(542c) Controlled Release of N-Acetylcysteine Positively Affects the Viability, Redox State and Morphology of Oligodendrocyte Progenitor Cells Under Oxidative Stress

Introduction: Overproduction of reactive oxygen species (ROS) is a major factor in the pathogenesis of multiple sclerosis. Localized antioxidant delivery is therapeutically relevant to counteract and neutralize ROS in such oxidant-stressed systems. Poly(lactic-co-glycolic acid) (PLGA) microparticles can provide a localized, controlled release of encapsulant, though this has been limited primarily to large proteins or small hydrophobic molecules. Here we investigate the therapeutic efficacy of controlled release of N-acetylcysteine (NAC) on oligodendrocyte progenitor cells (OPCs) under oxidative stress by examining viability, redox state and morphology. We aim to rescue OPCs from oxidative stress by using highly loaded PLGA microparticles encapsulating the hydrophilic, small molecule NAC.

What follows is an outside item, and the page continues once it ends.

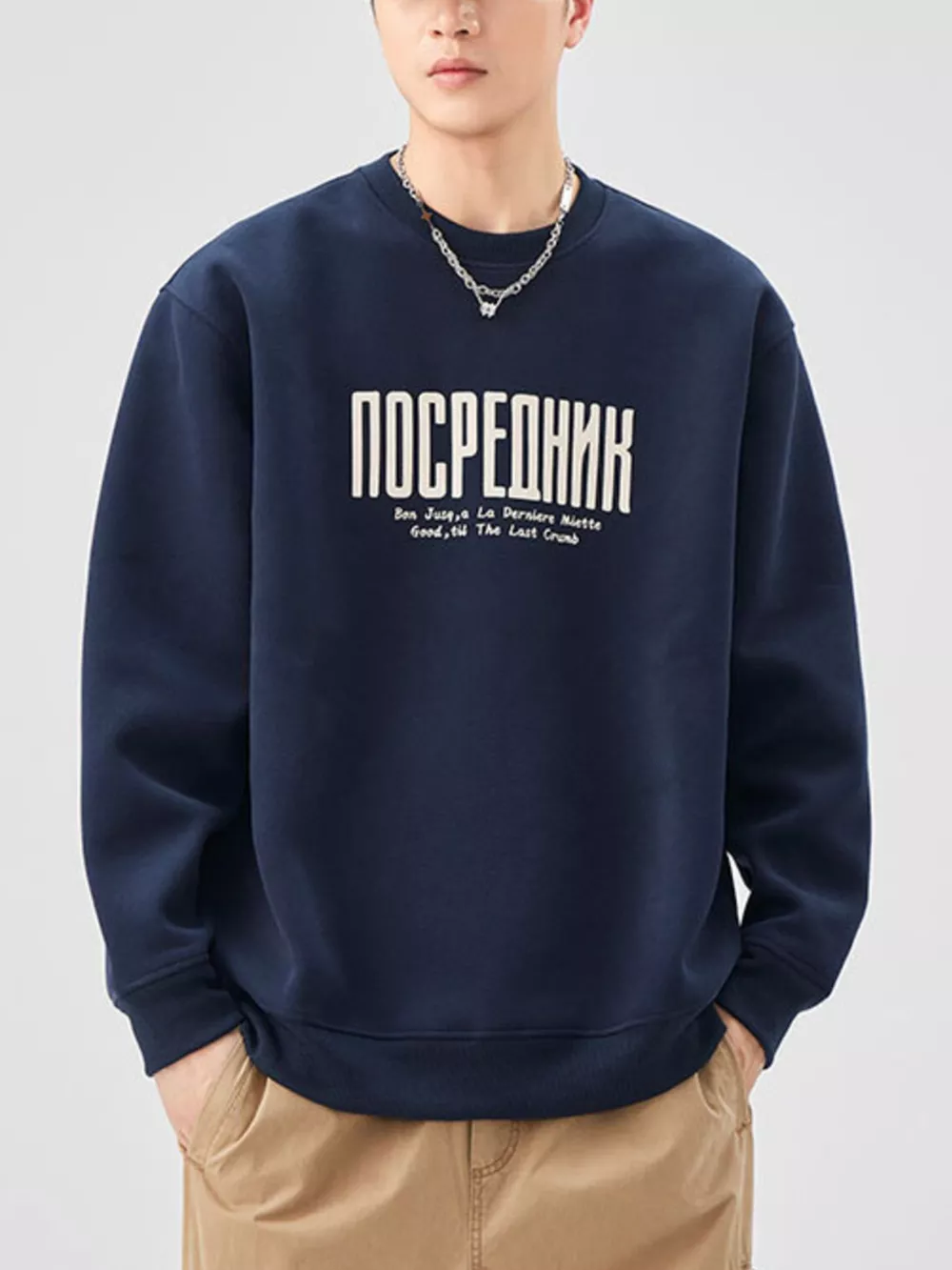 Men's Plus Size Letter Graphic Crew Neck Sweatshirt

Materials and Methods: NAC-loaded PLGA microparticles were prepared via the double emulsion, solvent evaporation technique including doping of all external water phases with NAC to maximize drug load (yielding between 40 and 133 ug NAC/mg particle). For all cell experiments, OPCs were grown in proliferation media for 24 hours. Experimental media was free of growth factors and antioxidants. For the 24-hour rescue experiment, OPCs were incubated for 30 minutes with 1mM H2O2. Concentrated free NAC, empty particles, or NAC-loaded particles were then added to the wells containing H₂O₂ to yield 1mM NAC. Particle dose was determined by cumulative NAC released within 24 hours. For the prolonged treatment experiment, OPCs were incubated for 30 minutes with 0.5 mM NAC or 48-hour equivalents of empty or NAC-loaded particles. Concentrated H₂O₂ was then added to the wells to yield 0.2mM in the well. After 24 hours of incubation, H₂O₂ was added again to yield 0.2mM in the well and incubated for an additional 24 hours. At the end of each experiment, wells were imaged with a Zeiss fluorescent microscope under brightfield and GFP channels. OPCs were lysed and ATP (CellGlo), DNA (PicoGreen) and glutathione (GSH-Glo) were measured.

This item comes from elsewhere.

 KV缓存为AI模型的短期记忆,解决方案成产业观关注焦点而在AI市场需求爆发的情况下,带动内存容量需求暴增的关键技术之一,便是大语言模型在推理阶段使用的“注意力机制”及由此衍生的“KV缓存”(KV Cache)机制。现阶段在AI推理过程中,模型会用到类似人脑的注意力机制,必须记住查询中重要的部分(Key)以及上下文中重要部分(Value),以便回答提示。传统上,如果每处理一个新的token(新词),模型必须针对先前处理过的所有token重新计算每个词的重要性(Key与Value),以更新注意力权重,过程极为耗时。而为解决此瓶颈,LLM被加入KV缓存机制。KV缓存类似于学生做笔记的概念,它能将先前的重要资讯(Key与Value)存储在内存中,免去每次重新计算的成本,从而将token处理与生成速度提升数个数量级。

Results and Discussion: Added 30 minutes after the onset of oxidative stress, controlled release of NAC for 24 hours rescues the viability of OPCs to 80% of healthy control, from 30% without treatment. There is an insignificant increase in viability relative to the free, soluble drug. Controlled released of NAC protects OPCs from multiple administrations of H₂O₂ over the course of 48 hours, yielding a 2-fold increase in reduced glutathione per cell which indicates a more reduced redox state. Controlled release of NAC also enhances OPC morphology, yielding 0.34 processes/cell with particle treatment compared to 0.29 processes/cell without treatment. Ongoing work aims to fabricate core-shell microparticles with a subdued initial burst release. Preliminary confocal images suggest that we have fabricated core-shell PLGA microparticles with two distinct polymer phases.

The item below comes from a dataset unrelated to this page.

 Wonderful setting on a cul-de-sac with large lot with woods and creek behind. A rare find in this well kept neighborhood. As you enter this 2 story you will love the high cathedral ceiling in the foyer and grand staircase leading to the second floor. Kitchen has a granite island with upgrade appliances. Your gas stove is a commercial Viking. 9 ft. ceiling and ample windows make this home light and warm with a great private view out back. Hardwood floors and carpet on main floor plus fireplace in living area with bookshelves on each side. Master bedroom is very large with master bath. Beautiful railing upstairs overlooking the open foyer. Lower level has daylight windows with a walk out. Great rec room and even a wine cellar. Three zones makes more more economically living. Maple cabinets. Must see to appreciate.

Conclusions: Highly loaded PLGA microparticles encapsulating the small-molecule antioxidant NAC rescued OPCs from oxidative stress, yielding a viability near control levels. NAC-loaded particles were shown to protect OPCs from multiple administrations of oxidants over 48 hours by increasing the levels of reduced glutathione above control levels. NAC-loaded particles also prevented degradation of OPCs. This work shows that efficiently loaded antioxidant microparticles capable of controlled and localized delivery could have therapeutic potential in oxidant-stressed systems by rescuing and protecting cells from harmful oxidants.